Raw data section start

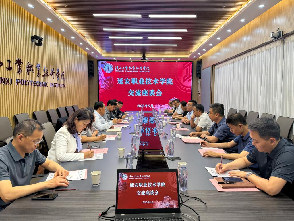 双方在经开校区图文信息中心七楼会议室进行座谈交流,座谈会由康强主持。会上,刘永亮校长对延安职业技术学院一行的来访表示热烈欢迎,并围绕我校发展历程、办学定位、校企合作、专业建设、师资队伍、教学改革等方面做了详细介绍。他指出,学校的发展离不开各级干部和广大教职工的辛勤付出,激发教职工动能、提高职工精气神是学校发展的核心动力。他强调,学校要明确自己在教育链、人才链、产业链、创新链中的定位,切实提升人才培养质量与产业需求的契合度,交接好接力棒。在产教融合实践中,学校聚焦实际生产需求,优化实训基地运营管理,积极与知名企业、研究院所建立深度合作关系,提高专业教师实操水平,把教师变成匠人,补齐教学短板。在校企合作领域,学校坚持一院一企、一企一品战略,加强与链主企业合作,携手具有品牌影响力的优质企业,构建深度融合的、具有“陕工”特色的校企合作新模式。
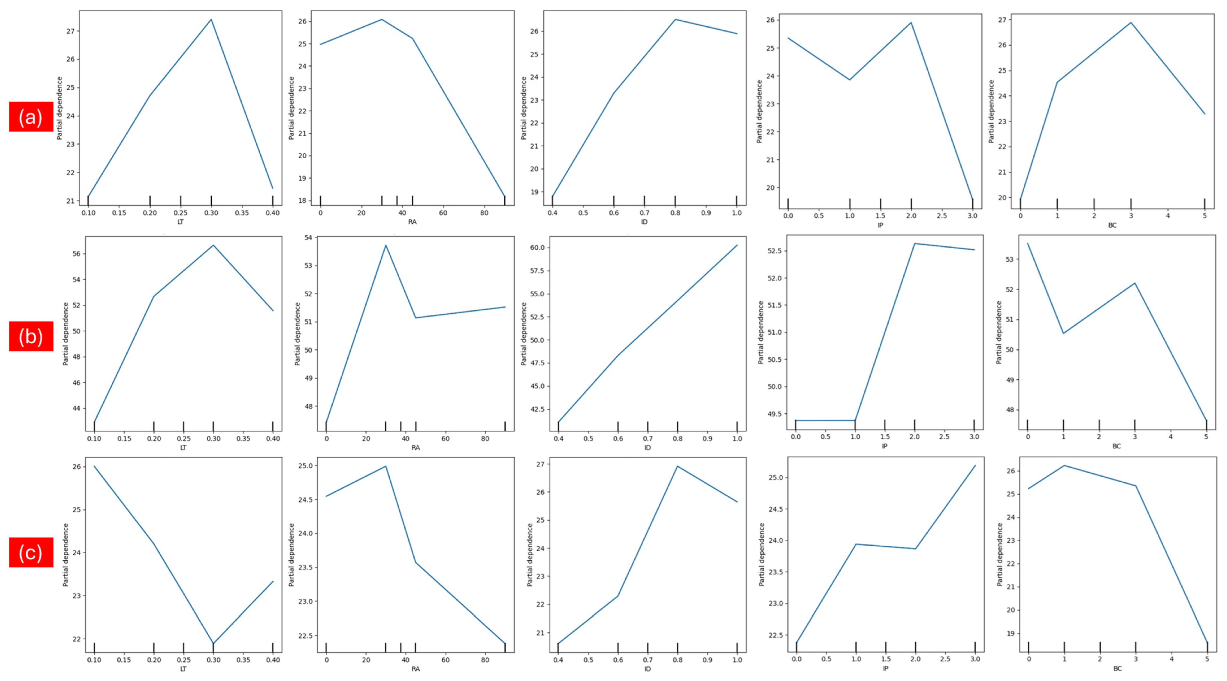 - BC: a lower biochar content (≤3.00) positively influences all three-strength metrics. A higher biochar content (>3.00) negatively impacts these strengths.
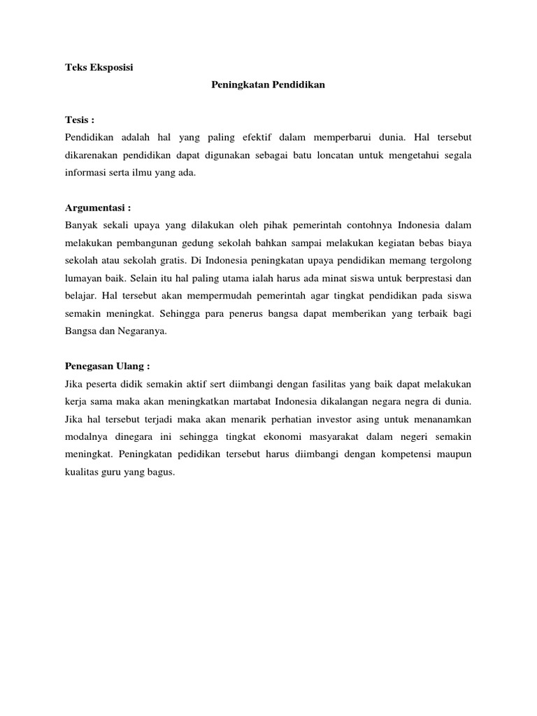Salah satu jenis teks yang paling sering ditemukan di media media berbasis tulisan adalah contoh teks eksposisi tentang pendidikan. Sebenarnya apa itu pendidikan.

Raw data section end

• Exercise directions: Without any pictures, write out the lines running from the one containing "- BC: a lower" through the end of the listing above, both included, exactly as given.

• The answer:
 - BC: a lower biochar content (≤3.00) positively influences all three-strength metrics. A higher biochar content (>3.00) negatively impacts these strengths.
Salah satu jenis teks yang paling sering ditemukan di media media berbasis tulisan adalah contoh teks eksposisi tentang pendidikan. Sebenarnya apa itu pendidikan.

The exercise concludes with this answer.